Чудо — говорят Марина и Сергей Дяченко — не может совершаться регулярно, иначе оно перестает быть Чудом. И Божественное молчание порой может так же свидетельствовать о Боге, как и Божественное присутствие. Потому что Бог, опекающий, водящий за руку, отводящий беду постоянно и неуклонно, это уже не Бог. Это Пандем.

Единственное, что Он может себе позволить — это спонтанное, непредсказуемое, случайное Чудо. Не заявить громко о Своем присутствии, но намекнуть. Не утверждать, но пообещать. Оставить надежду.

А Чудо, как известно, к области фантастики не принадлежит. Оно — преррогатива Священных книг.

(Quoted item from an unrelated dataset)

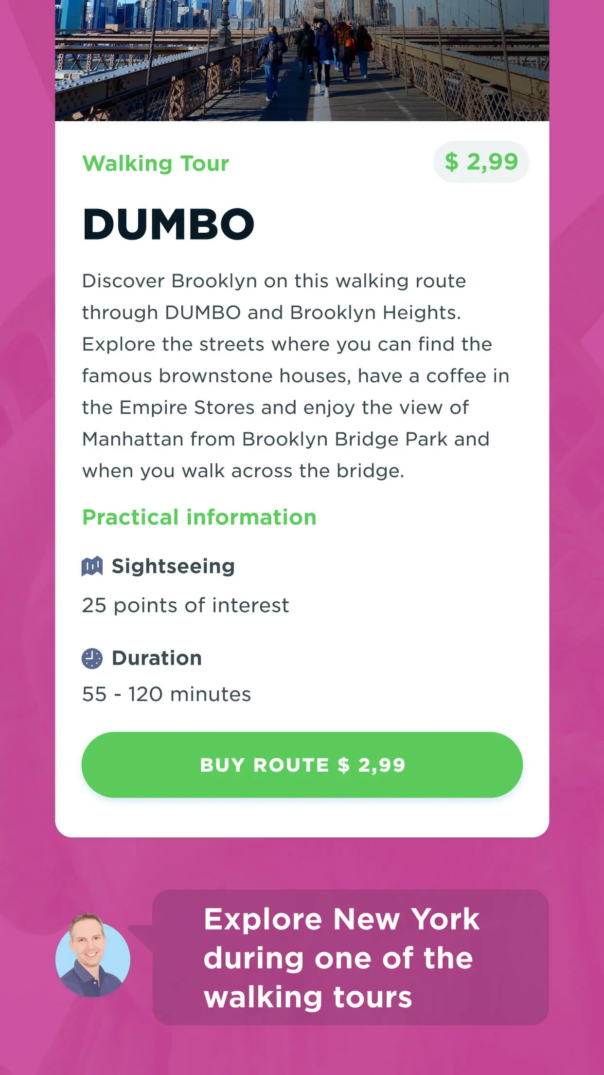 Walk with me through different neighbourhoods in New York with one of my walking routes available in the app. I have developed this so that you can discover the unknown places of the city in addition to the well-known ones. Stroll the streets of SoHo, cross the Brooklyn Bridge, discover Greenpoint and more.

Там, где дело доходит до Чуда, тактичный фантаст предпочитает отступить. Как, например, отступил Станислав Лем в своем «Солярисе» — самой «божественной» из всех фантастических книг ХХ века.

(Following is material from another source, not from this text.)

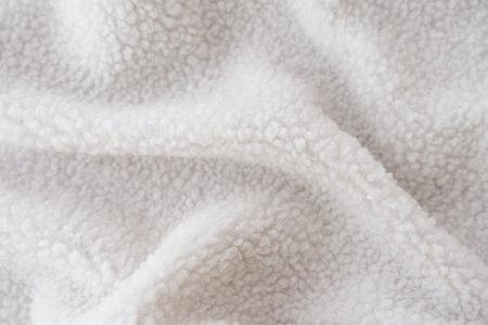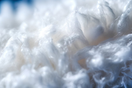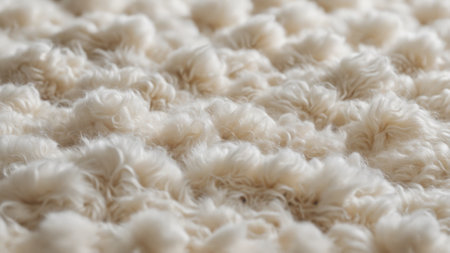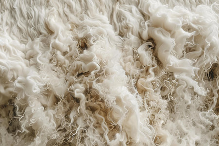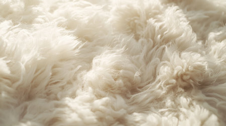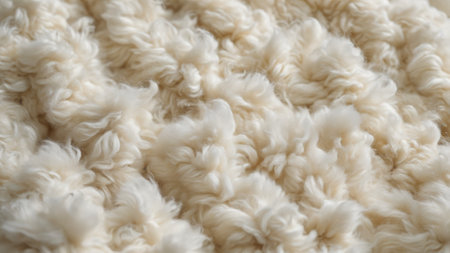 A close-up view of soft, fluffy white wool, showcasing the intricate texture and natural warmth. Ideal for backgrounds or cozy design elements.

Там, где есть Чудо, всегда остается сомнение, некая лакуна между невозможностью и возможностью, реальностью и вымыслом. Если говорить о фантастике — остается некая недоговоренность, то, что критики называют «открытым финалом». В своих последних вещах Стругацкие, подведя читателя вплотную к ожидающим человечество грядущим чудесам, предпочитали остановиться на пороге…

В принципе, Чудо просто обязано подразумевать двоякое толкование, иначе оно слишком уж однозначно, слишком определенно заявляет о Божественном присутствии, а именно этого, как мы видим, Господь и не может себе позволить.

В нынешней фантастике один из немногих удачных примеров такого рода — религиозный казус в «Спектре» Сергея Лукьяненко. Напомню — на некоей отдаленной планете, превращенной в пантеон своих и чужих богов, местный абориген дио-дао — среднеполое (и короткоживущее) существо, отдаленно напоминающее наших сумчатых, — избрал для себя инопланетную религию геддаров, гласящую, что каждый истинно верующий и погибший за веру воскреснет в буквальном смысле, во плоти. С точки зрения самих геддаров, отправляя обряды, новообращенный чужак совершает кощунство — в храм ТайГеддара допускаются только мужчины, а абориген мало того, что не имеет определенного пола, так еще и вынашивает дитя. Так что воинственный «коренной» ревнитель веры просто вынужден совершить ответное кощунство — убить самозваного «священника» во время службы, у алтаря своего храма.

Но, уже умирая, дио-дао рождает ребенка — и тот, лишь открыв глаза, заявляет о себе, как о воплощении убитого. Землянин Мартин, наблюдающий эту сцену, и его воинственный инопланетный напарник-геддар осведомлены, что биология дио-дао допускает такой казус; в определенных, критических ситуациях, при явной смертельной угрозе детеныш может в ущерб собственной индивидуальности воплотить в себе индивидуальность родителя. Тем более, учитывая короткий жизненный цикл аборигенов, значительная часть хранимой родителем информации (в том числе и речевые навыки) все равно наследуется генетически.

Так случилось чудо или нет?

Погибший за веру действительно, как и обещала принятая им религиозная доктрина, воскрес по плоти? Или все, наблюдаемое Мартином, явилось просто следствием инопланетной биологии?

Ответа на этот вопрос, Лукьяненко, разумеется, не дает. Да его и быть не может. Чудо непредсказуемо, недоказуемо, невоспроизводимо и необъяснимо. На то оно и Чудо. Единственный способ Господа заявить о своем присутствии.

Впрочем, нет, не единственный. Есть и еще один. Самый драматичный. Самый человечный. Самое неоспоримое доказательство не только Божественного присутствия, но и Божественной любви.

Единственное, чем может Бог проявить себя (в условиях его абсолютного и полного всемогущества) — это воплотиться в смертного человека, страдающего и уязвимого. И только при этом условии, в этой ипостаси, познав всю тяжесть земной участи на собственной шкуре, попытаться научить человечество чему-то толковому (а уж сумеет ли человечество научиться, это, пардон за каламбур, как Бог даст). Еще он может совершить несколько прикладных, чисто агитационных чудес, объяснить находящимся рядом людям, что чудеса эти подвластны и им тоже (мол, погляди, что ты в принципе можешь, только постарайся хоть немного)… И, наконец, последнее — он может погибнуть; причем самой мученической, самой позорной, самой безнадежной (чтобы даже не попытаться облегчить хоть в этом свою участь) из всех возможных смертей.

Впрочем, об этом уже написана одна Книга.